------ DATA FOR THIS EXERCISE ------
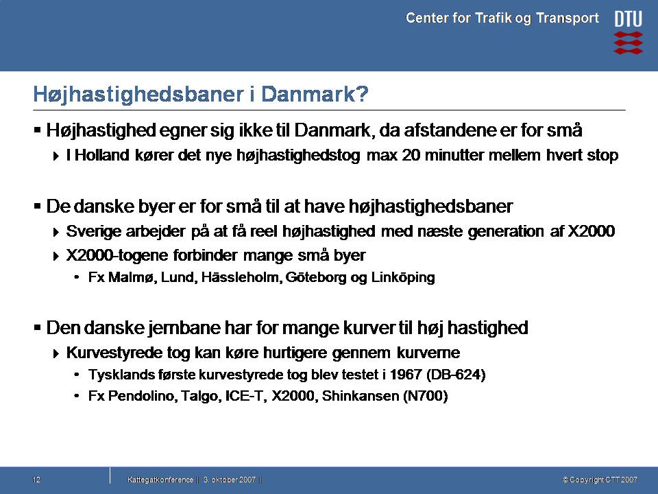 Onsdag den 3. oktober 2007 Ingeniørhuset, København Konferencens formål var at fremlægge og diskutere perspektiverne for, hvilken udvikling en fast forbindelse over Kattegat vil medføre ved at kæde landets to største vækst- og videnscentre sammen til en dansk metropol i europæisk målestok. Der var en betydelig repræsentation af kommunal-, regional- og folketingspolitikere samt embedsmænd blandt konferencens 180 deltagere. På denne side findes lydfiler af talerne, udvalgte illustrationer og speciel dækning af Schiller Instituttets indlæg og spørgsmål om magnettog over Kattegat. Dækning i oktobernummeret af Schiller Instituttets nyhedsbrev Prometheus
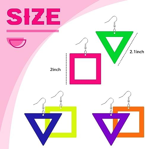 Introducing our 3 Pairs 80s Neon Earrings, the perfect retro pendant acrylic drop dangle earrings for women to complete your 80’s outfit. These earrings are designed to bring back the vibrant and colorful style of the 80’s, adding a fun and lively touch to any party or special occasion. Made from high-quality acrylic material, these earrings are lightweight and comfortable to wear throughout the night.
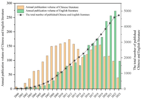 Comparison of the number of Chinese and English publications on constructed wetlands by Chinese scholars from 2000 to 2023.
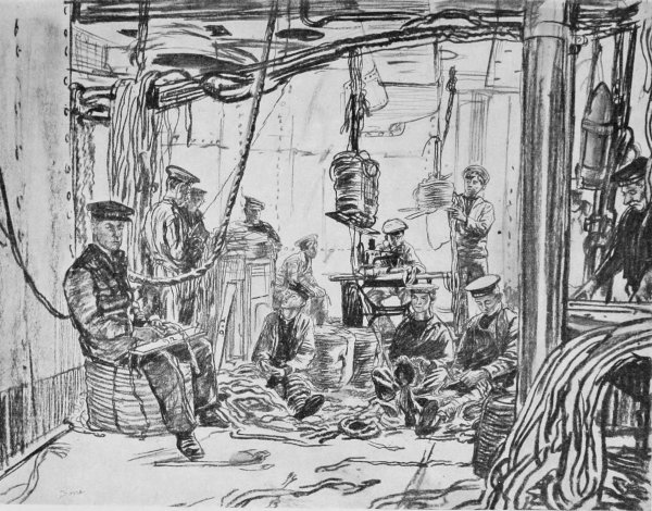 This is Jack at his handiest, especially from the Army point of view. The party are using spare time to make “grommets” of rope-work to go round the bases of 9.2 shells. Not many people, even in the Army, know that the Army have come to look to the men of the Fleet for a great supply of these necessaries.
------
------ DATA FOR THIS EXERCISE ------
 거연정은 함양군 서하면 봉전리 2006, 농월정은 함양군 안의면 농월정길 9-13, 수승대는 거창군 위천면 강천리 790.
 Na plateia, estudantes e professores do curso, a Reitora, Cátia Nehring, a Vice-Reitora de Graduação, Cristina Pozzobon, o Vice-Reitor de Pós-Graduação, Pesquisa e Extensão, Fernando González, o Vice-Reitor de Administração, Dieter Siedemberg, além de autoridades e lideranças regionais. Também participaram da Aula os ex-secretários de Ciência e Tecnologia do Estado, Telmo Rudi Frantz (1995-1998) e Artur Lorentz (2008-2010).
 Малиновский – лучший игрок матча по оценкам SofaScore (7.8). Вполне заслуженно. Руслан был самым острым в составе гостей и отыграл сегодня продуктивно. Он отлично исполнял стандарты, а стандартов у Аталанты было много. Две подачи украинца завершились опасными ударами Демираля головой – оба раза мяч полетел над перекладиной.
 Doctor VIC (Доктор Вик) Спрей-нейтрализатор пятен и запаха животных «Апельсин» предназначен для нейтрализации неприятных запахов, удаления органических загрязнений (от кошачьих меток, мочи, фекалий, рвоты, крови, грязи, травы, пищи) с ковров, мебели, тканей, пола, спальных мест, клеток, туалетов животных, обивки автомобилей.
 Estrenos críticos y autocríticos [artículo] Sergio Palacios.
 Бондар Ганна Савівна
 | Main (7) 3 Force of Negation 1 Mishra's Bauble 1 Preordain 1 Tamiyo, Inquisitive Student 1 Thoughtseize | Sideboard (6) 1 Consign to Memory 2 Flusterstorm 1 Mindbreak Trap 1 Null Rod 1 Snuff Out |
------
◆ **WHAT TO WORK ON**: All lines above from the one with "거연정은 함양군 서하면" to the one with "Na plateia, estudantes", inclusive, should be copied exactly, and no other lines.

◆ **ANSWER TO THE EXERCISE**:
 거연정은 함양군 서하면 봉전리 2006, 농월정은 함양군 안의면 농월정길 9-13, 수승대는 거창군 위천면 강천리 790.
 Na plateia, estudantes e professores do curso, a Reitora, Cátia Nehring, a Vice-Reitora de Graduação, Cristina Pozzobon, o Vice-Reitor de Pós-Graduação, Pesquisa e Extensão, Fernando González, o Vice-Reitor de Administração, Dieter Siedemberg, além de autoridades e lideranças regionais. Também participaram da Aula os ex-secretários de Ciência e Tecnologia do Estado, Telmo Rudi Frantz (1995-1998) e Artur Lorentz (2008-2010).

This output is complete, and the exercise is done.